My views and advice on such topics as Diet and Exercise; Anxiety, Panic and Addiction; Spirituality and Random things that I find interesting.

Wednesday, September 3, 2014

Faction Identity

This article will be the first in a series entitled "Divergent Inspired Musings," all of which can be found under that label. Consequently, at least a superficial understanding of  this magnificent dystopian world created by Veronica Roth, via book (best) and/or motion film (good), is necessary to fully appreciate these introspections. Enjoy!
Though I'm not proud to admit this, I watched the movie prior to reading the book; as the film's plot progressed, I watched and wondered which faction I might identify with best.
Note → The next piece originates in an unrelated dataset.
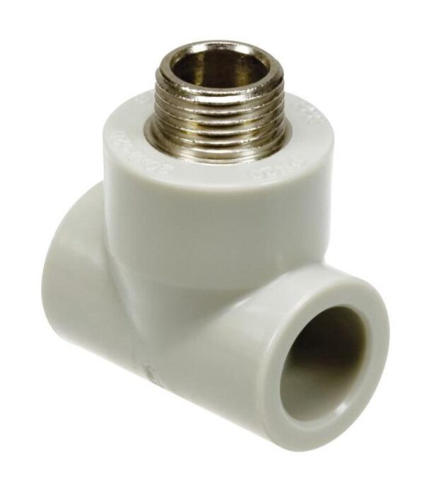 Prekės ženklas- Sanitas. Medžiaga- Polipropilenas (PP). Spalva- Pilka. Dalis skirta- Karštam vandeniui, Šaltam vandeniui. Jungčių skaičius- 3. Pasvirimo kampas- 90 – 90°. Darbinė temperatūra- 5 – 60°C. Papildoma informacija- Su išoriniu metaliniu sriegiu. Nenaudoti pakulų.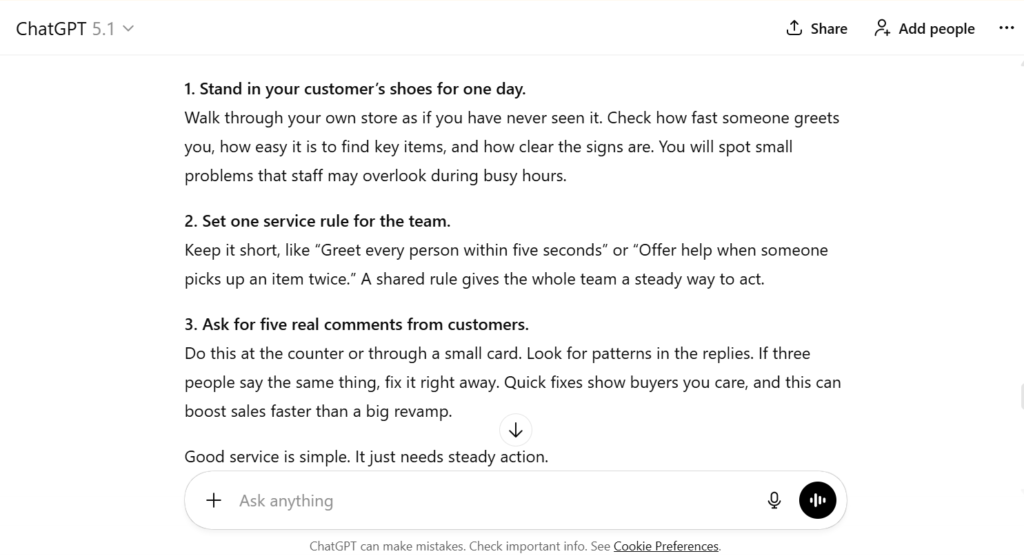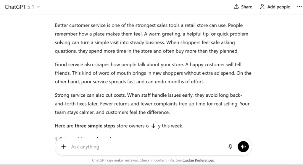 “You are a business coach. Write a 300-word note for retail store owners on how better customer service can grow sales. Add three steps that they can apply this week. Keep it clear and practical.”

During their first meal at the Dauntless compound, Tris and her other faction transfers were talking and Christina, Candor-born, kept speaking in a brutally frank manner. Will, Erudite-born, iterated "You have to be pretty self-confident to hang out with a Candor," to which Christina replied "What's that supposed to mean?" Will: "You have no filter, you say the first thing that comes into your head." My friend and I instantly looked at each other and laughed as we confidently placed me within that faction. I also agreed with Christina's final retort, "at least we tell the truth." Indeed, to me the truth is of paramount importance; a quality I learned to hold sacred throughout a childhood of lies and disappointments. I vowed early to never lie, not to spare the feelings of others and not even to save my own life; but I have also come to understand that my truth is not always someone else's truth, and that I'd be better off learning when to keep that truth to myself, and to keep my mouth shut; a topic I visited previously in other musings (Refer to point #1, in particular). As an aside I'll mention that I was so impressed by the movie that I immediately set out to read the book series because, in my experience, the books are always better and these works were no exception to that general rule.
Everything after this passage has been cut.